I love that song 2000 Miles by the Pretenders. I also like Fairytale of NY by The Pogues, Christmas Wrapping by the Waitresses and David Bowie and Bing Crosby's Little Drummer Boy. Oh one more-U2's Baby Please Come Home.


----------



## kd1212 (Nov 5, 2013)

One more-Ramones-Merry Christmas


----------



## Maglily (Feb 3, 2009)

It's the Most Wonderful Time of the Year
and a few others....so many of the oldies. Up on the Rooftop, Frosty the Snowman, lots of the kids ones, and lots of the slower ones...but some make me too sad/ sentimental.

Mariah Carey - All I want for Christmas
Last Christmas - George Michael


----------



## linfran (Jun 24, 2007)

32 Feet and Eight Little Tails, O Holy Night, Once in Royal David's City.


----------



## mdbflorida (Feb 28, 2013)

December Prayer is beautiful. There are so many pretty ones.

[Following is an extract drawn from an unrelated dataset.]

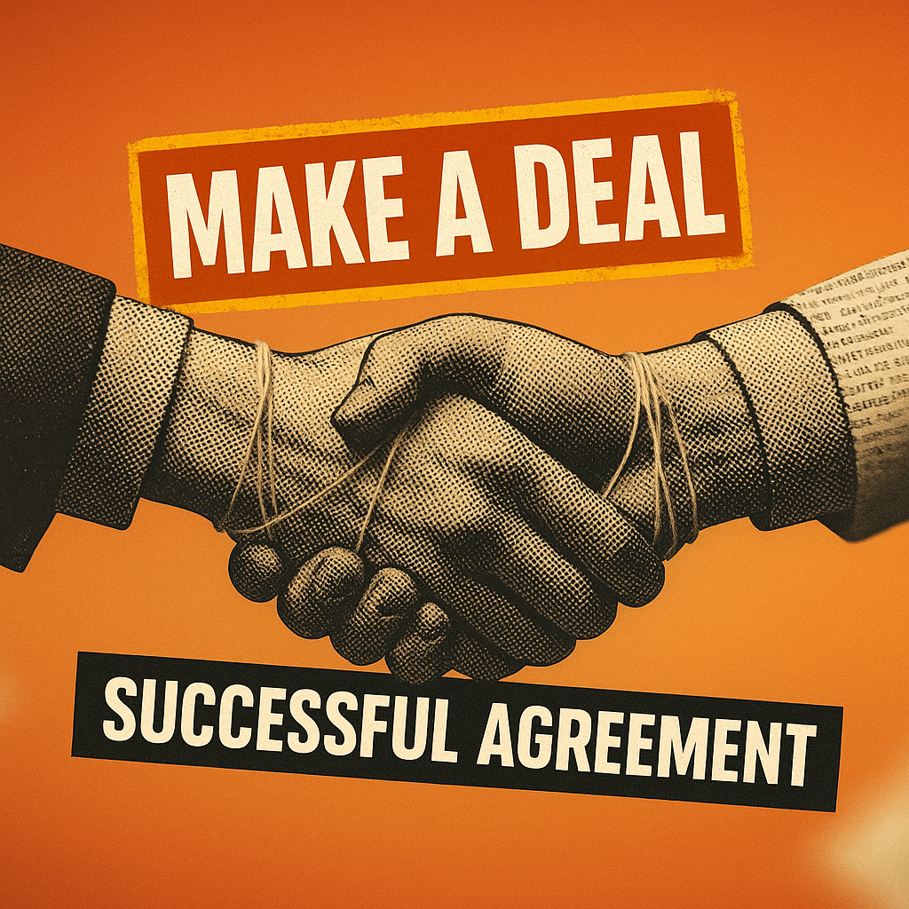 /Collection: /by davooda/Type: PNG/Vibrant promotional graphic illustrating a handshake, symbolizing a successful agreement. Ideal for business presentations and marketing materials targeting professionals.

I had to go back and watch the videos i have done to make sure I use different songs!


----------



## Barb J (Sep 17, 2015)

John Lennon Christmas song So This is Christmas and 
Dance of Sugarplum Fairy.

https://www.youtube.com/watch?v=Wz_f9B4pPtg

I think this would go well with all of our Sugarplum's.


----------



## edelweiss (Apr 23, 2010)

https://www.youtube.com/watch?v=obGjx8Hry3M

This one is adorable!

This one is cute too!
https://www.youtube.com/watch?v=ynFWe6TssU0


----------



## mdbflorida (Feb 28, 2013)

*LOL, alright want of video of your two singing.*

I am sure you can get a video!



mdbflorida said:


> December Prayer is beautiful. There are so many pretty ones. I had to go back and watch the videos i have done to make sure I use different songs!





edelweiss said:


> https://www.youtube.com/watch?v=obGjx8Hry3M
> 
> This one is adorable!
> 
> ...


----------



## mdbflorida (Feb 28, 2013)

Walter, the red baron one?



wkomorow said:


> It's the one that hist #1 on the singles chart in both Australia and New Zealand in 1967 - Snoopy's Christmas.


----------



## Sylie (Apr 4, 2011)

I have to laugh, because you titled this thread with a thumbs down icon....He he. There are a few that I like for the first one hundred and eight nine times I hear them each year. So, my vote would be for any that are not used in commercials. I like the old Christmas Carols, but they are too serious for a fun video. 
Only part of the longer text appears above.